For the third time in three years, Washington, D.C.’s PGA golf tournament is looking for a new title sponsor.

McLean-based Booz Allen Hamilton, the tournament’s title sponsor for the past two years, announced on March 20 that it will end its title sponsorship after this year’s tournament, which returns to TPC at Avenel June 22-25.

In a company press release, Booz Allen said the decision reflected the PGA Tour’s decision to move the tournament from the late spring to the fall — after the major PGA tournaments are finished — beginning in 2007.

“This new development materially affects Booz Allen's ability, going forward, to achieve its goals for the community, charity, and the firm,” the press release stated. Booz Allen will continue to support the event as a supporting sponsor, and pledge $1 million in support of the fall 2007 tournament.

“I don’t think we were surprised with their [decision],” said Steve Skinner, president of Kemper Sports Management, which manages the tournament. “We were very pleased that they agreed to stay on as a [supporting] sponsor.”

The PGA Tour overhauled its annual schedule in January, and has not finalized details.

“It was a disappointment when it moved from our traditional date to the fall,” Skinner said, but he expects that most of the PGA Tour’s top players will continue coming to Washington, and that there will be some silver linings to the move. “We’re hoping that the weather in the fall will be more consistent … than it was in the early summer.”

FOR ONE MORE year, the Booz Allen Classic will tee off in June. The hunt is on for a title sponsor when the event moves to the fall. Skinner said that Kemper Sports Management will meet with several companies, and in a Monday news release, Marty Russo, Chairman of Washington Golf Charities, said, “We are currently looking at both local and national companies to fill that role.”

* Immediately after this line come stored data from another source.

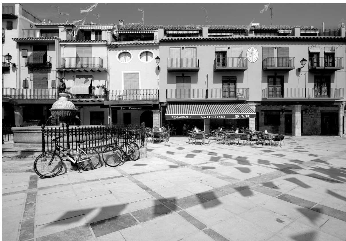
Sant Mateu: plaça Major

A Sant Mateu trobem la capital històrica de tot el Maestrat, llavors amb tres mil habitants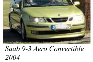
Saab 9-3 Aero Convertible 2004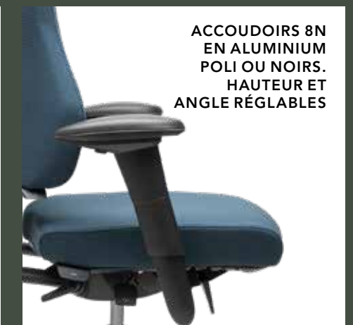
ACCOUDOIRS 8N EN ALUMINIUM POLI OU NOIRS. HAUTEUR ET ANGLE RÉGLABLES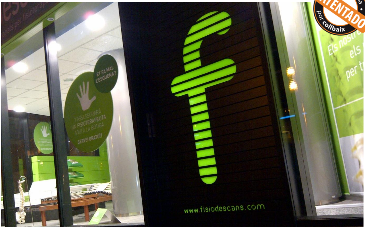
Mod. MASTER DEKORA Lacada Negro Mate RAL 9011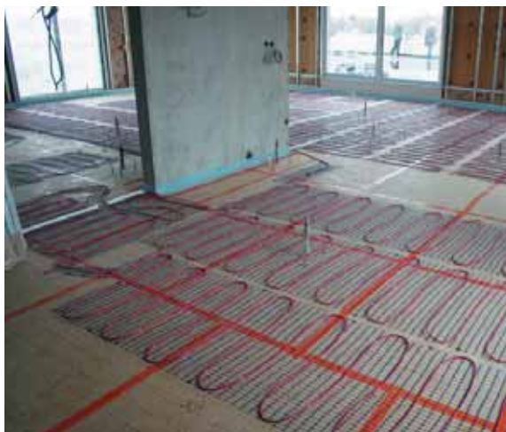
Installation d'un plancher rayonnant avant le coulage de la chape en béton.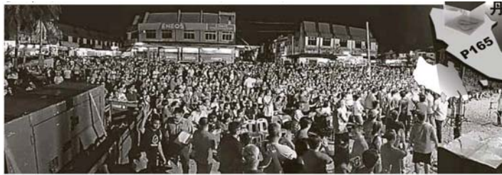
希盟在北干那那新市镇举行的大型政治讲座迎来近千人次的出席，而且气氛明显比之前热络。

Provided for client's internal research purposes only. May not be further copied, distributed, sold or published in any form without the prior consent of the copyright owner.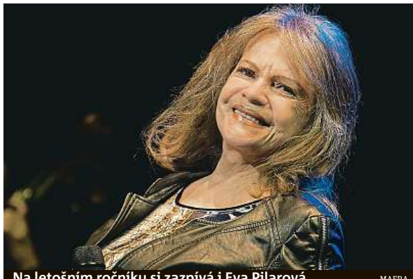
Na letošním ročníku si zazpívá i Eva Pilarová.

Pořadatelé Metronome Festivalu, jehož čtvrtý ročník proběhne na Výstavišti ve dnech 21. a 22. června, připravili pro návštěvníky unikátní koncert – komponované vystoupení vybraných nejpozoruhodnějších českých zpěvaček několika žánrů. V rámci koncertu zazpívá legenda českého swingu a popu Eva Pilarová, začátky její kariéry sahají do 60. let, nebo kytaristka a šansoniérka Lenka Filipová, která se stala hvězdou na začátku osmé dekády 20. století. Generaci, jež se dostala do povědomí fanoušků po roce 1989, zastoupí Anna K. nebo Monika Načeva a nejmladší krev českého ženského popu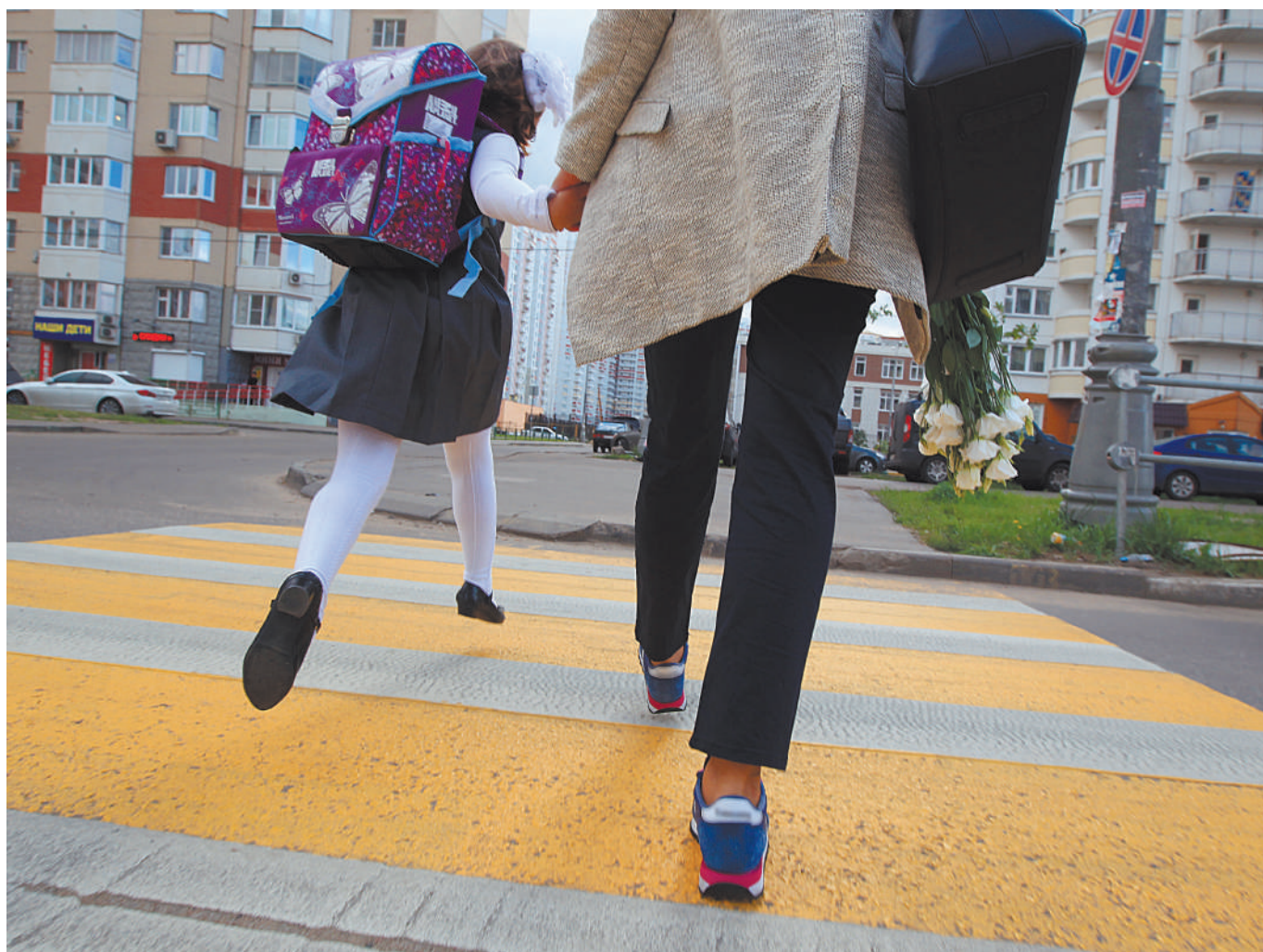
Для ребенка главный авторитет — его родители. Поэтому они должны объяснять, как правильно переходить дорогу.

The tournament was known as the Kemper Open from the time it came to Congressional Country Club in 1980, and it remained the Kemper Open from 1987 through 2002, when it was hosted by TPC Avenel. Kemper Insurance withdrew as title sponsor shortly before the 2003 tournament, ending what was then the longest-running title sponsorship on the PGA Tour, a 35-year association that began with the tournament was played in North Carolina.

The Arlington-based Friedman Billings, Ramsey Group Inc. assumed title sponsorship for one year, when it was called the FBR Captital Open.